By 1871, Garibaldi was still respected by socialists elsewhere in Italy, but it was only in Romagna that his leadership was seen as essential for a people's republic. At first, Ceretti, Lodovico Nabruzzi and Paride Suzzara Verdi shared this view. Garibaldi planned to call a democratic congress, but he canceled it due to the factional squabbles. With Mikhail Bakunin's support, Nabruzzi, Ceretti, Andrea Costa and others arranged a conference on 17 March 1872 in Bologna, where most of the internationalist sections of Romagna were represented. The congress rejected Giuseppe Mazzini's view that the question of social reform could follow creation of a republic and also voted against participating in elections, in effect moving towards Bakunin's position.

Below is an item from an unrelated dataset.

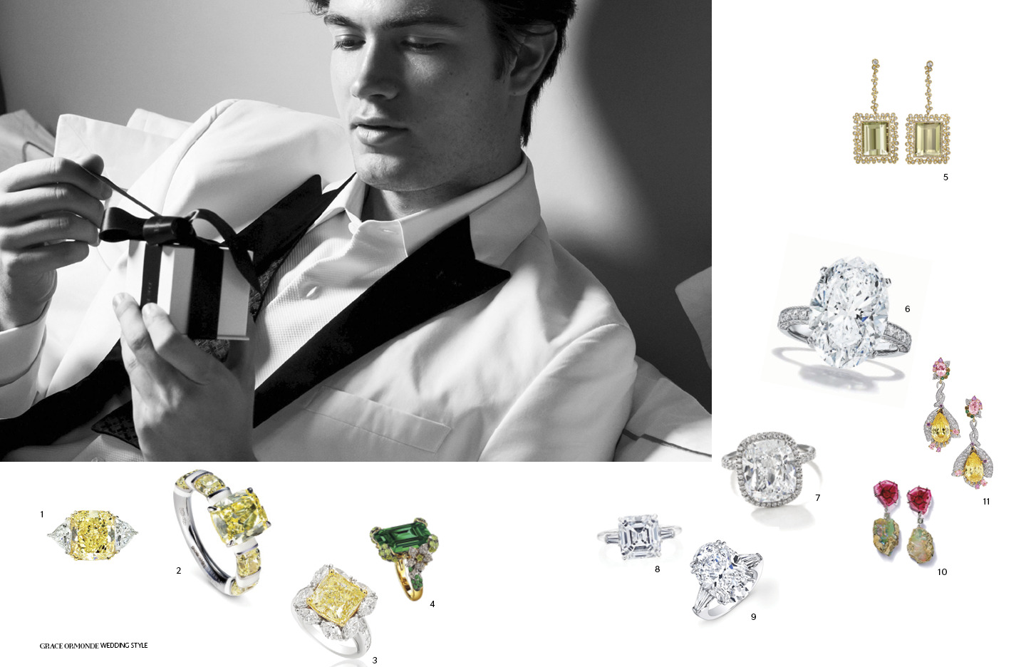 Ring Box: De Beers; Location: The Plaza Hotel, New York, NY; Fashion Stylist: Jules Wood for L&A Artist/L Group Productions, Milan, Italy; Photography: Kellie Walsh, 4 Eyes Photography, New York, NY; 1. Forevermark by Premier Gem 10.90 ct. Exceptional Fancy Yellow Cushion-cut Diamond Ring set in Platinum; 2. Sarah Ho London Candy Enamel Yellow Diamond Ring; 3. Picchiotti 7 ct. Fancy Yellow Natural Color Cushion-cut Diamond surrounded by Marquise Diamonds; 4. Anabela Chan 18 ct. Emerald-cut Cinderella Ring; 5. VTse 18K Yellow Gold and Green Beryl Earrings with 3.20 ct. Diamonds; 6. Tiffany & Co. Oval-cut Diamond Ring set in Platinum with Round Diamonds; 7. Forevermark by Premier Gem 7.04 ct. Exceptional Cushion-cut Diamond Ring set in Platinum; 8. Stephen Silver Fine Jewelry GIA-certified 5 ct. Asscher-cut Diamond Engagement Ring; 9. Norman Silverman Diamonds 12.5 ct, Oval-cut Diamond Engagement Ring; 10. Jan Leslie Bold and Super-Light Tribal Luxury Statement Earrings; 11. Anabela Chan Fuchsia Canary Earrings

On 11 March 1873, Ceretti was arrested for his IWA activities and imprisoned for five months. He was then tried for "conspiracy" and acquitted. Later that year, he tried to organize a second IWA Congress in Mirandola, but this was forbidden by the authorities. In 1873, he commanded a force in Spain against the Carlists. In 1874, he was assistant to Mićo Ljubibratić in Herzegovina. In 1875, he commanded the Italian Legion in Serbia with the rank of major in the struggle against Turkish rule.

== Mirandola stabbing and later years ==

In 1886, Ceretti founded the Society of Radical Veterans. In 1888, in Mirandola, he founded the socialist periodical Il Sole dell'Avvenire (The Sun of the Future). In 1890, he was the first socialist to enter the municipal council of Mirandola.

He came into conflict with the anarchists of the Intransigents of London and Paris group after they published a text targeting Amilcare Cipriani, another defector from anarchism who had become a socialist politician. In their text, the Manifesto degl’ anarchici in lingua italiana al popolo d’Italia, the anarchists accused him of defending nationalist positions. In response to these criticisms, Ceretti used his newspaper to target the anarchists in question, describing them as police informants and provocateurs. The insults contained in the newspaper greatly displeased the main subjects, Vittorio Pini and Luigi Parmeggiani, who traveled to Mirandola to 'settle the score' with him. They stabbed him, and he survived, according to Pini simply because, upon entering his house, he noticed Ceretti had a child, which reportedly prompted him to spare his life.

Ceretti died on 12 January 1909 in Ferrara.